The old fantastic two headed giant has been replaced by master spies and super-criminals. The fair damsel in distress is now a stolen airplane design. And a twin motored monoplane takes Jack farther and faster than seven league boots ever did. None of that hard to believe, old-fashioned fairy tale stuff for the modern kid. Fantastic romanticism has been replaced by fantastic “realism.”

The daily adventure serial has been a juvenile best seller in radio since way back—11 or 12 years ago—when the earliest of the genre, “Little Orphan Annie,” first trod the ethereal boards over a local Chicago station. But getting the little ones to ask mother for this or that sponsored product isn’t easy. The standard lure is a “secret” club: The Tom Mix Straight Shooters, the Mandrake Magicians’ Club, Captain Midnight’s Secret Squadron. Secret “high signs” and simple codes are devised, membership cards and “Slide-o-Matic Decoders” are exchanged for box tops.

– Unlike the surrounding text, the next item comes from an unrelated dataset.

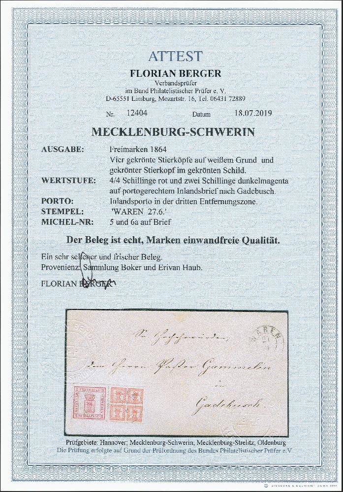 | Zusatzinformationen und Suchstichworte: | 372. Auktion Heinrich Köhler 14. Dezember 2019 Los 128 1864, Durchstochene Ausgabe auf weißem Grund, 4/4 Schilling rot mit 1866, 2 Schilling dunkelmagenta, mit leicht auf- und nebengesetztem Doppelkreisstempel "WAHREN 27/6" auf Briefkuvert nach Gadebusch. Eine sehr seltene Frankaturkombination, wir haben nur eine weitere registriert. Ein attraktiver Brief in sehr schöner und einwandfreier Erhaltung. Fotoattest Berger BPP (2019) Ausruf 1.000,00 EUR Zuschlag 3.400,00 EUR (aus der Sammlung Erivan Haub) |

THEN the announcer solemnly intones a “tease line”:
“Well, there seems to be no hope. Can Mandrake, single handed and unarmed, cope with Captain X and the crew of the submarine?” It hardly seems likely that he can. But come Monday, he can and does==before a large and appreciative audience.
Adventure serials are not generally long lived. Most of the efforts of the years now repose in the thankless oblivion of office files. Gone, perhaps forever, are “Dick Tracy,” “Omar the Mystic,” “Flash Gordon,” “Buck Rogers in the Twenty-fifth Century,” “Og, Son of Fire,” “Terry and the Pirates,” and numerous others.

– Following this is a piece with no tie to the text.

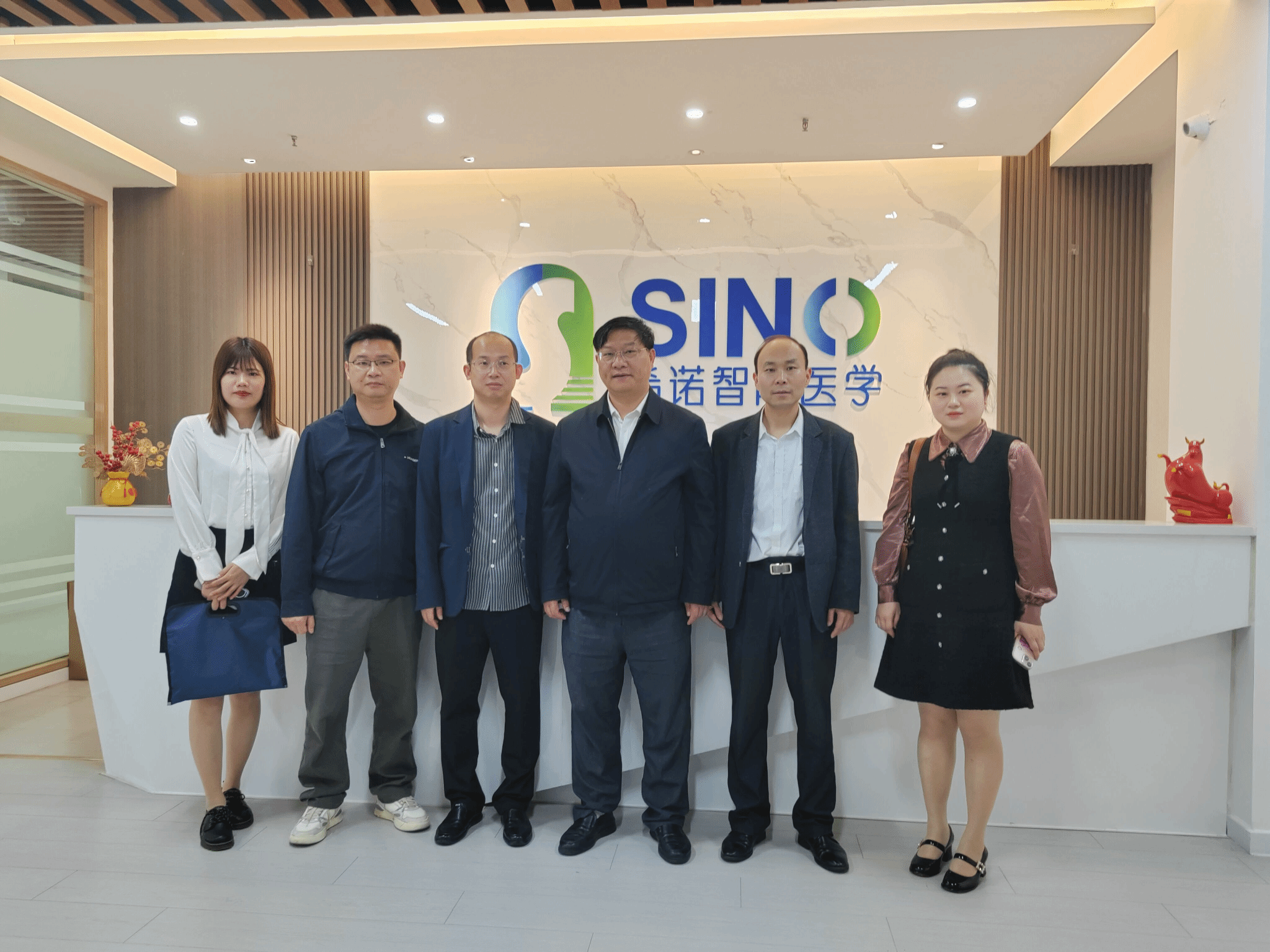 希诺智能医学公司对英国上市365官网一行人员表示热烈欢迎,带领参观了企业展厅,并详细介绍了公司的企业文化、生产产品、办公环境和福利设施。随行人员看望了在希诺智能医学公司实习的毕业生,学生们分享了在公司实习、工作的经历,表达了对学校、企业培养的感恩之心。

Jack Armstrong, venerable prototype of the “All-American Boy,” started out about 10 years ago as the athletic hero of a small town high school. After some years Hudson high’s football team was forgotten and Jack began to range the world in an amphibian plane. Now he spends most of his time in Madagascar, India and Polynesia, dodging fanatical Hindu sects and Japanese troops.
You can see that “Jack Armstrong,the all-American Boy,” has a distinctive flavor of its own. All adventure serials have. But strangely, when you’ve heard one you’ve heard ‘em all. They’re twin brothers in different uniforms. Their common formula is physical danger encountered on a hunt—for an enemy base, for a treasure, for a missing “defense plan.” Subtle characterizations are avoided. The hero, man or boy, is a simple, modest fellow, all courage, all virtue. His opponent, very often a “master criminal,” bent on control of the world or the destruction of the United States, is the epitome of evil and low trickery.

IMMEDIATELY after Pearl Harbor the adventure serial went to war in a big way. One epic, “Hop Harrigan,” features the exploits of an army flier currently chasing Nazis in the Caribbean. Today’s typical villain is the agent of an enemy power, who steals the plans of the new airplane and hides out in a jungle villa.

Evidently the modern kid likes it. His modern mother doesn’t. Clubwomen and parent-teacher association call for educational programs, fiercely condemn radio’s late afternoon chatter of tommy guns, and perennially pin medals on “Let’s Pretend,” a dramatization of authentic fairy tales.
But radio stands firm. One can hardly expect radio’s juvenile serials to be keyed anywhere near the child prodigy level when all indication are that children like what they’re getting now. Of course as the modern mothers point out, the children might like educational programs too. But, for better or worse, the adventure serial is a sure thing.